What should concern us about new accretions of power, soft or hard, is who has them and what they intend doing with them.

While modern weaponry is more discriminating than previous generations of armaments, it is still immensely destructive and warfare is unavoidably bloody, violent and terrible. But it still needs to be remembered that hard power can be used to stabilise an inherently unstable strategic balance as well as to destabilise, to defend as well as to attack, to keep the peace as well as to violate it.

The contribution of soft power in these regards is slight to non-existent. Quite obviously, it cannot be regarded as a substitute for hard power. Indeed, it is most likely to flourish in non-urgent situations where there is a measure of mutual sympathy or understanding. However, the over-selling of soft power, and the receptiveness to the intellectual hype surrounding its promotion, has created the illusion that the two have roughly the same utility.

It also needs to be remembered that the effect of cultural diplomacy, one of the most valuable tools of soft power, depends ultimately on the reactions of those in different cultures to our own of which we have only an inadequate understanding. Those responses may be favourable but this cannot be relied upon. Ideas, symbols and messages may repel rather than attract. It is possible that different sections of the population will respond differently to them in which case the task of soft power becomes ever more complex. Even where these are found to be attractive this may not lead to emulation. The political leadership of North Korea has long been addicted to Hollywood movies, but this has not so far made it fall in love with the American way of life.

However unwelcome, the events in Ukraine are likely to provide the opportunity for a more hard-headed appraisal of the means to ensure security in the post- Cold War era than has recently been possible. They will have certainly shaken confidence in the belief that Europeans can safely regard themselves as the happy inhabitants of a post-military universe and that soft power is all we need to secure the policy outcomes that we seek; for that, at least, we should be grateful. Such a realisation is likely not only to have an impact on the defence planning, budgets and procurement programmes of individual European states, but also a profound influence on the pattern of Europe’s future political development.
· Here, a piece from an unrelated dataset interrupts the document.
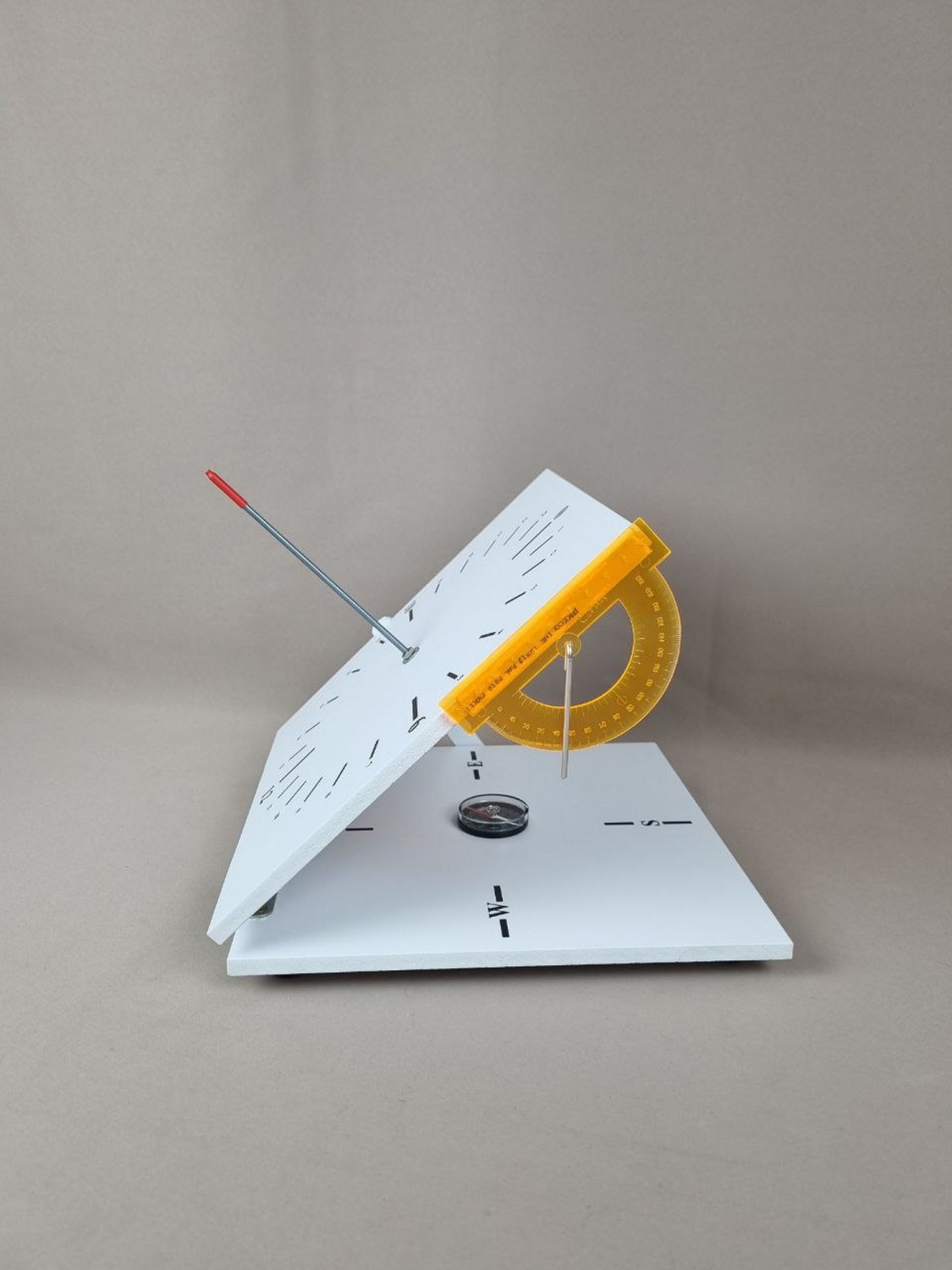 Солнечные часы предназначены для ознакомления с солнечным временем. Комплектность: циферблат на основании – 1 шт., стержень со стрелкой – 1 шт., транспортир с отвесом – 1 шт., компас – 1 шт. Циферблат снабжен механизмом, позволяющим менять угол его наклона к основанию.

1 Britain is a partial exception to the trends described in this essay. In his first six years in office the Labour Prime Minister Tony Blair ordered British troops into battle five times, more than any other prime minister in British history. However, during the same period the strength of Britain’s armed forces was cut back and defence spending fell as a proportion of GDP. This pattern has continued under the present Conservative–Liberal Democrat government despite repeated US warnings that the cut-backs could destroy the “special relationship” between the two countries. Polling data suggests that because of the human cost of the wars in Iraq and Afghanistan combined with the failure to achieve the stated objectives public support for military contributions to “coalitions of the willing” is likely to be less than formerly.

2 Ironically, later, as chairman of the BBC, Patten was to preside over swingeing cuts to its external

broadcasting, one of the most effective items in the soft power tool box. RL/RFE has suffered similar cutbacks.

3 Daryl Copeland, Research Associate, Centre for International Policy Studies, Ottawa University;

visiting professor, London Academy of Diplomacy, author and former diplomat.

4 Prominent unilateral disarmers such as the historian E. P. Thompson frequently described nuclear weapons as “evil” and argued that their accumulation had escaped human control.